No.20 Reading JSON data

Read the JSON file of the Wikipedia article and display the article text about "UK". In problems 21-29, execute on the article text extracted here.

Answer

020.py


import pandas as pd

path = "jawiki-country.json.gz"
df = pd.read_json(path, lines=True)
print(df.query("title == 'England'")["text"].values[0])

# -> {{redirect|UK}}
#    {{redirect|United Kingdom|The princes of the Spring and Autumn period|English(Spring and autumn)}}
#    {{Otheruses|European country|Local cuisine of Nagasaki and Kumamoto prefectures|England}}
Comments

Since the given file is in JSON Lines format, we set lines to True. You can get row elements that meet the conditions by using query (). You could also do df [df ["title "] =" UK "].

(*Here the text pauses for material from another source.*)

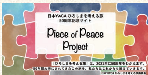
Top: 50th anniversary website Bottom: Interviews led by youths

In an effort to learn about the 50 years history of the program, the young volunteers researched and verbalized the history from various perspectives, and also interviewed people who have been involved in the "Pilgrimage to Hiroshima" in the past. The reports from the interviews will be available on the YWCA of Japan website in the future.

No.21 Extract the line containing the category name

Extract the line that declares the category name in the article.

Answer

021.py


import input_json as js

article = js.input()
print(list(filter(lambda x: "[[Category" in x, article)))

# -> ['[[Category:England|*]]', '[[Category:England連邦加盟国]]', '[[Category:Commonwealth Kingdom|*]]'...
Comments

The sentence extracted in No.20 can be called by ʻimportandjs.input (). Does the filterfunction return an iterator, right? I have the impression that the processing oflist (filter ())` does not fit well. I wonder if there is another implementation method.

No.22 Extraction of category name

Extract the article category names (by name, not line by line).

Answer

022.py



import input_json as js
import re

article = js.input()
list = [re.match("\[\[Category:([^\|,\]]+)", item) for item in article]
print([str.groups()[0] for str in list if str is not None])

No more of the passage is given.